Transcribe nothing except the lines below that run from the one with "Oversized Colour Block" to the one with "高壓側(cè)電流由繼保之星", ends included, and do not copy any picture.

══ Records for this task ══

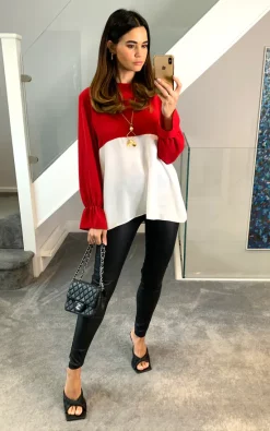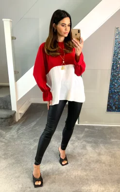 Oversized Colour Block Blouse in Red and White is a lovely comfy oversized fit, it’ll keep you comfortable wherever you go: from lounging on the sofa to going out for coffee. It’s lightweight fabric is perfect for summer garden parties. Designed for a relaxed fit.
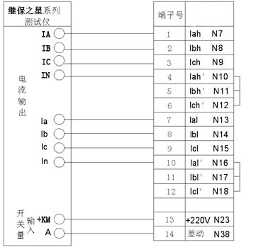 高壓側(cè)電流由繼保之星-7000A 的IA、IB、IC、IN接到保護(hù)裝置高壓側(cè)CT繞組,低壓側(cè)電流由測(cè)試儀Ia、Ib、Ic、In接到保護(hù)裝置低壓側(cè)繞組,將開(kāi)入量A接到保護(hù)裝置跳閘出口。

═══
══ Records for this task ══

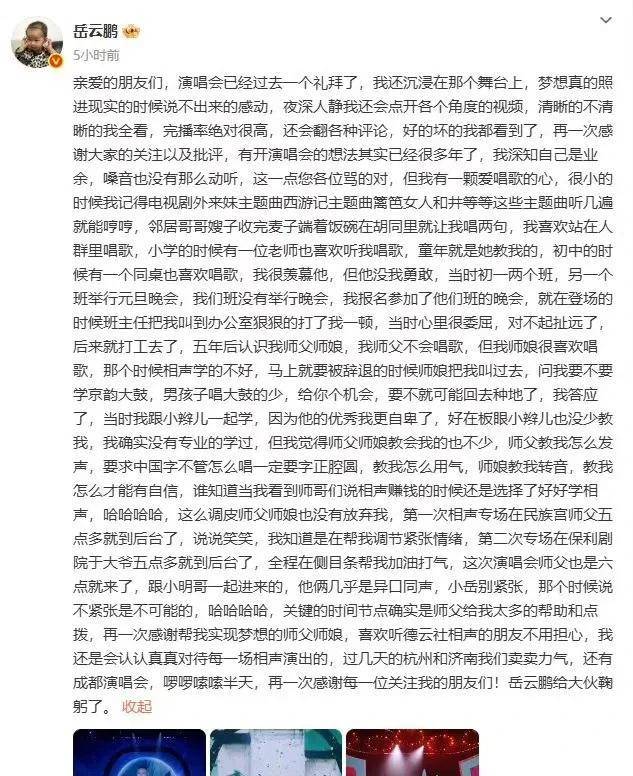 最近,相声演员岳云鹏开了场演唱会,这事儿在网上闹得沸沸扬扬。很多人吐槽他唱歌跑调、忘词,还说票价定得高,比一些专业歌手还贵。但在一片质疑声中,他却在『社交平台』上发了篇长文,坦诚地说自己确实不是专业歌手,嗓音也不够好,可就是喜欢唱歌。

═══
══ Records for this task ══

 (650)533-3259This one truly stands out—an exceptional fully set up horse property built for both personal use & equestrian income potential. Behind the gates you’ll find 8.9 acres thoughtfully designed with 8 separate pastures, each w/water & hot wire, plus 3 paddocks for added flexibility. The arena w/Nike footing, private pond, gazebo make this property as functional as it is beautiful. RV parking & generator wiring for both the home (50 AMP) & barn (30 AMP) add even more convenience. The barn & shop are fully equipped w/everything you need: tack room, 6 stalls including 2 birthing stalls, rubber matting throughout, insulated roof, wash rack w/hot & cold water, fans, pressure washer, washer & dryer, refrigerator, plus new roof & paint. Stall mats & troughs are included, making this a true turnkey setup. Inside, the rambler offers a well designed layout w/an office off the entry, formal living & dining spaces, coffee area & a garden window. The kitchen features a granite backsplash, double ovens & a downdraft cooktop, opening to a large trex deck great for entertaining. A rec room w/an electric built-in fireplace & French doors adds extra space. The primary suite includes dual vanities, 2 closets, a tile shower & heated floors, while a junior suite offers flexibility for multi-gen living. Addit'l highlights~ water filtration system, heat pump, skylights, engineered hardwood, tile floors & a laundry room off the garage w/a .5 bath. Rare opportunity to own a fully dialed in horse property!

═══

> [Result of the task]:
 Oversized Colour Block Blouse in Red and White is a lovely comfy oversized fit, it’ll keep you comfortable wherever you go: from lounging on the sofa to going out for coffee. It’s lightweight fabric is perfect for summer garden parties. Designed for a relaxed fit.
 高壓側(cè)電流由繼保之星-7000A 的IA、IB、IC、IN接到保護(hù)裝置高壓側(cè)CT繞組,低壓側(cè)電流由測(cè)試儀Ia、Ib、Ic、In接到保護(hù)裝置低壓側(cè)繞組,將開(kāi)入量A接到保護(hù)裝置跳閘出口。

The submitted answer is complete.